■ **Brief**
Restate word for word the lines below that run from the one holding "2014年05月27日,河南" through the one holding "射手榜方面,劳塔罗今天虽然错", inclusive. Pictures don't belong in the copy.

══════════════════════════════

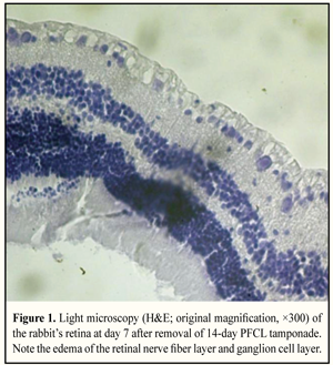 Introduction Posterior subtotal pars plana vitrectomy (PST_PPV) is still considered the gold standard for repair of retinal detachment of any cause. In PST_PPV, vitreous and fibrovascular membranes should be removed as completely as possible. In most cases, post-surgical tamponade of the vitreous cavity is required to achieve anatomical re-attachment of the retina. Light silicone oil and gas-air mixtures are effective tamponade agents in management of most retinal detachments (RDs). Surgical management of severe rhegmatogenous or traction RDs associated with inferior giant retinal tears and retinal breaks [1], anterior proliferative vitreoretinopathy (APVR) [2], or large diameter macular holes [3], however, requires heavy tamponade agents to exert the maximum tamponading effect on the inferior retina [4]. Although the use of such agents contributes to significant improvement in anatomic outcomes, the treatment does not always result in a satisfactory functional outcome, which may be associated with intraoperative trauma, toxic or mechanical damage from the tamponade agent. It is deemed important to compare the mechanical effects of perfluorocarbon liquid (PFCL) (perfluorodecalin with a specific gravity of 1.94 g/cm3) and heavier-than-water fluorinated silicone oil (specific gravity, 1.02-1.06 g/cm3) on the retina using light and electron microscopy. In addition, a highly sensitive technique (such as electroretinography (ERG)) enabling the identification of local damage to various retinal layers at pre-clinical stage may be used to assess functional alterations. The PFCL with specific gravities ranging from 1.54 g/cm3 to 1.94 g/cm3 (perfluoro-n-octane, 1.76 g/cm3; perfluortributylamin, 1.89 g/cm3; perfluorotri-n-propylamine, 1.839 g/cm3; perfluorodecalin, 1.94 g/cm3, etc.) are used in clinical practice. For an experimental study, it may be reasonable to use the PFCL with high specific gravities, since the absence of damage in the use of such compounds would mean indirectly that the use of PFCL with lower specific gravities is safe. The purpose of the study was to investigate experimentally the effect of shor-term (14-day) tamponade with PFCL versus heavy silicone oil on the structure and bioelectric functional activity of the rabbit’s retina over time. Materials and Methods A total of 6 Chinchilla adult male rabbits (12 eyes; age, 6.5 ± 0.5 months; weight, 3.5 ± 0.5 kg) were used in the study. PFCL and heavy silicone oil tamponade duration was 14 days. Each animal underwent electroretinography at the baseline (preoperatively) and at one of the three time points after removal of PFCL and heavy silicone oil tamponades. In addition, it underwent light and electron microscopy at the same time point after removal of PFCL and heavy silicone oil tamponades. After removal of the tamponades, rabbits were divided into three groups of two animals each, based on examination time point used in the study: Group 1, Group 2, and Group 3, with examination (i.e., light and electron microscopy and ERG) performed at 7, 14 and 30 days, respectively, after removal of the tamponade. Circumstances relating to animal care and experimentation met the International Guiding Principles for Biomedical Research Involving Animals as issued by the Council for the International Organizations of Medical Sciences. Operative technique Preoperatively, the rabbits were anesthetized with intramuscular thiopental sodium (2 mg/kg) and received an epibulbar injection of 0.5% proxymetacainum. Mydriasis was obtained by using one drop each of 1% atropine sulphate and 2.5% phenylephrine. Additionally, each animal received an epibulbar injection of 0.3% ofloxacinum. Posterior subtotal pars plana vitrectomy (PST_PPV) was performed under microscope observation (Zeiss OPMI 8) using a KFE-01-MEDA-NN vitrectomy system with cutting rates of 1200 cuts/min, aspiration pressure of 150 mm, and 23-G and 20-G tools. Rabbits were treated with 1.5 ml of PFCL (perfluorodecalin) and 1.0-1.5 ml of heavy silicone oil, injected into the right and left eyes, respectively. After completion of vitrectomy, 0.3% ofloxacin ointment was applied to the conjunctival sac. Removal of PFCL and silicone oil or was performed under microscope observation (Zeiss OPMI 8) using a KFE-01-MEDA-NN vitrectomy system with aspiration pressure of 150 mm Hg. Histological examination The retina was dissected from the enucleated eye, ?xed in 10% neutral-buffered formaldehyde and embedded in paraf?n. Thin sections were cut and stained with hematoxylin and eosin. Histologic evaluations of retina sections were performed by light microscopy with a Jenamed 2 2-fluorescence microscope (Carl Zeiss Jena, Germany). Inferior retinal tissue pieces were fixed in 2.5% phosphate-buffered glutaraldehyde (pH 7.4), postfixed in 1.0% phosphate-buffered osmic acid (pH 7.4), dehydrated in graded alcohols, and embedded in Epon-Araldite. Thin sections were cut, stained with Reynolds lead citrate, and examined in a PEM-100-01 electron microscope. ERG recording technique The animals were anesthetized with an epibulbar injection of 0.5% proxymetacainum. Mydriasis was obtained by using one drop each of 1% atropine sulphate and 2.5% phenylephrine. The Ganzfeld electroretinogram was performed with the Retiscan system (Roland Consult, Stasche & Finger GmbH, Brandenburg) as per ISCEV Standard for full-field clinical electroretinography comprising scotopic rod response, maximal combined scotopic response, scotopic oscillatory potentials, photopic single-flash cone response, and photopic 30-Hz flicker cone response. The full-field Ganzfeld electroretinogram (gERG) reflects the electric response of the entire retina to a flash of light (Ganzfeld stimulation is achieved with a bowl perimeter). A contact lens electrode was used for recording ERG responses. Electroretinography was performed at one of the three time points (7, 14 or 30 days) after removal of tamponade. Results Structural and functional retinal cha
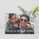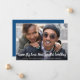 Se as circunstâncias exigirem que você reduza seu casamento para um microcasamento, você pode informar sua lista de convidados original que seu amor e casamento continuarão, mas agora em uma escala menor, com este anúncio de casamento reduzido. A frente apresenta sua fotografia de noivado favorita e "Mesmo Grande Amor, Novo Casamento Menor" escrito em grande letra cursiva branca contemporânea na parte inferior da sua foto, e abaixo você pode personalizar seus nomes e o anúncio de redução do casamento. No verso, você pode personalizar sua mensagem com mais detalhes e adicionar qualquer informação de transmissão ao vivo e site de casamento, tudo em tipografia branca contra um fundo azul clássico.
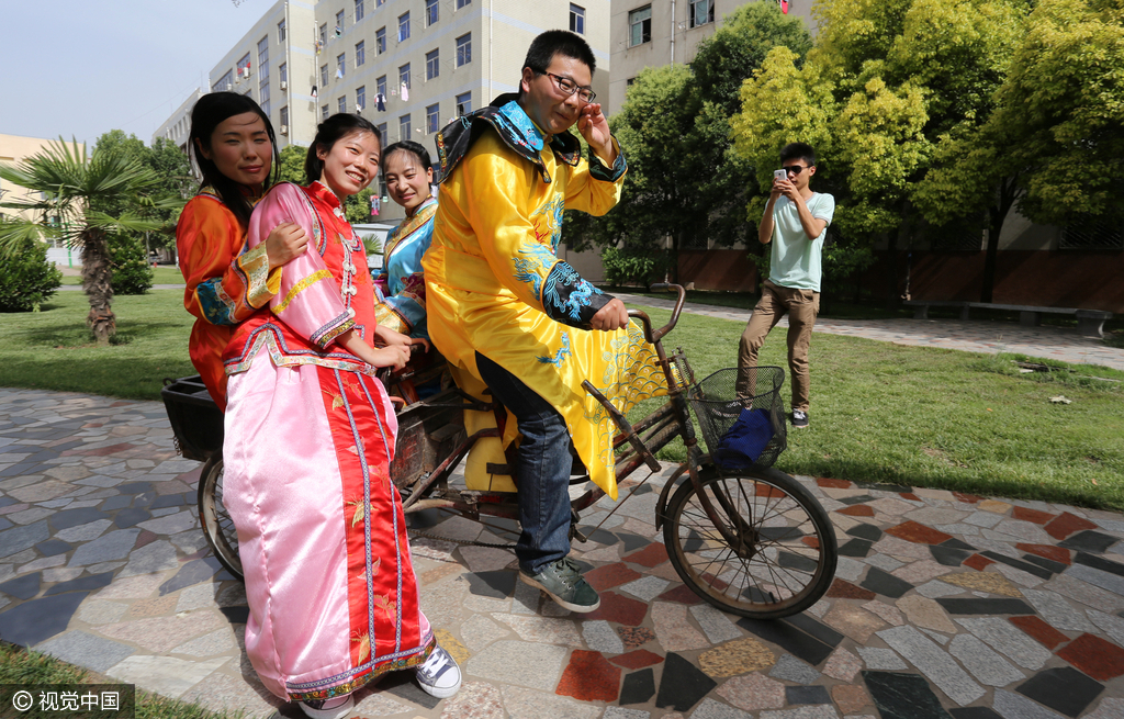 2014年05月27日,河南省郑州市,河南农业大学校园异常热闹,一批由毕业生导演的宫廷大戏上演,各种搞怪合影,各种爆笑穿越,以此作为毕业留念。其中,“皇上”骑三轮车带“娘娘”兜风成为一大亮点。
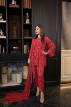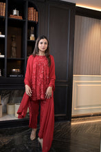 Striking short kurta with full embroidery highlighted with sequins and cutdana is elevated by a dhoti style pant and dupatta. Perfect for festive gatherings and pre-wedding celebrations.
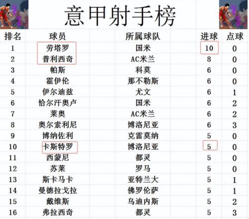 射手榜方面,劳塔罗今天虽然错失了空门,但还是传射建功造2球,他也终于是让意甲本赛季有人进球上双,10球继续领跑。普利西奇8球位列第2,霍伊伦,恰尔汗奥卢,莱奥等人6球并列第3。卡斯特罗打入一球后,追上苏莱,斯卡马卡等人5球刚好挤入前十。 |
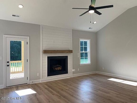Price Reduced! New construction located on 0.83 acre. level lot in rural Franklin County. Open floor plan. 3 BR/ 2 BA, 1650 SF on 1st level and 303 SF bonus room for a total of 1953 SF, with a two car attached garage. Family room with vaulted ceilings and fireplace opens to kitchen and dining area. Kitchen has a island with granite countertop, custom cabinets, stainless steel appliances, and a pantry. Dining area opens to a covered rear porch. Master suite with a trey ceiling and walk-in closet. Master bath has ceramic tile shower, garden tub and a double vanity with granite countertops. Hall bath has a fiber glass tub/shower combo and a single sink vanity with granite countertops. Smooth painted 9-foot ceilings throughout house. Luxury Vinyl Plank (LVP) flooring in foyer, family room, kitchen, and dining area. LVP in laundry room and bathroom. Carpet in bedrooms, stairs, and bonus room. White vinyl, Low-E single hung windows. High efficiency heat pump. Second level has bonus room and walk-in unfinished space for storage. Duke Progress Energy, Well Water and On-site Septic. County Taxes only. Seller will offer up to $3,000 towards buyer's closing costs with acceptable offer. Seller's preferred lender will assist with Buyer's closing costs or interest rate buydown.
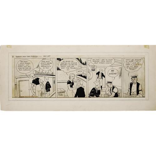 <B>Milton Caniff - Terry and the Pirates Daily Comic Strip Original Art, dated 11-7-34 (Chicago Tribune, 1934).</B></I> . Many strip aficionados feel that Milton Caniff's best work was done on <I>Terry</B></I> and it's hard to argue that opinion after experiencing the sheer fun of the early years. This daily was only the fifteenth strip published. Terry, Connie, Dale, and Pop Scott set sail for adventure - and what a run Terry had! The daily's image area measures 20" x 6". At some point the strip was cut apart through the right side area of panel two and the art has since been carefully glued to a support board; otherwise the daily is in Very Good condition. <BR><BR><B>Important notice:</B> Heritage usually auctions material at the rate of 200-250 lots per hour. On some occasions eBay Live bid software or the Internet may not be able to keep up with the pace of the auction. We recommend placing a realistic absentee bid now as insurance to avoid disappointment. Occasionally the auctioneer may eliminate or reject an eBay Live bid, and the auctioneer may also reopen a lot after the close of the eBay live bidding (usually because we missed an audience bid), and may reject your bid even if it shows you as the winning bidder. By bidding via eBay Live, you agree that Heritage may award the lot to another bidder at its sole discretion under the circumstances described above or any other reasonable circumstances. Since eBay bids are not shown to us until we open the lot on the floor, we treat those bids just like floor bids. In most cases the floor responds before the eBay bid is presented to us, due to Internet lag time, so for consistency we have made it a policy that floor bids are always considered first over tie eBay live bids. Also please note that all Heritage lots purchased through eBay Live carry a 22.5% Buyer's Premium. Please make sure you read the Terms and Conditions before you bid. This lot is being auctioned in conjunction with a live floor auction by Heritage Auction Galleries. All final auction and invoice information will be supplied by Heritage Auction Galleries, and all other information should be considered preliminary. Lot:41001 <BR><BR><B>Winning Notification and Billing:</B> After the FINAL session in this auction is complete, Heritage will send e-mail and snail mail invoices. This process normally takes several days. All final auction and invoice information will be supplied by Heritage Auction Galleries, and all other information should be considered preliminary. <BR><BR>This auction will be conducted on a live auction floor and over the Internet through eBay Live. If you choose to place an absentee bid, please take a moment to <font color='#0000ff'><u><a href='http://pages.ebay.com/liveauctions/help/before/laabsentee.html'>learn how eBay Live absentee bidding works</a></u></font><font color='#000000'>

══════════════════════════════

■ **Finished task**
 2014年05月27日,河南省郑州市,河南农业大学校园异常热闹,一批由毕业生导演的宫廷大戏上演,各种搞怪合影,各种爆笑穿越,以此作为毕业留念。其中,“皇上”骑三轮车带“娘娘”兜风成为一大亮点。
 Striking short kurta with full embroidery highlighted with sequins and cutdana is elevated by a dhoti style pant and dupatta. Perfect for festive gatherings and pre-wedding celebrations.
 射手榜方面,劳塔罗今天虽然错失了空门,但还是传射建功造2球,他也终于是让意甲本赛季有人进球上双,10球继续领跑。普利西奇8球位列第2,霍伊伦,恰尔汗奥卢,莱奥等人6球并列第3。卡斯特罗打入一球后,追上苏莱,斯卡马卡等人5球刚好挤入前十。 |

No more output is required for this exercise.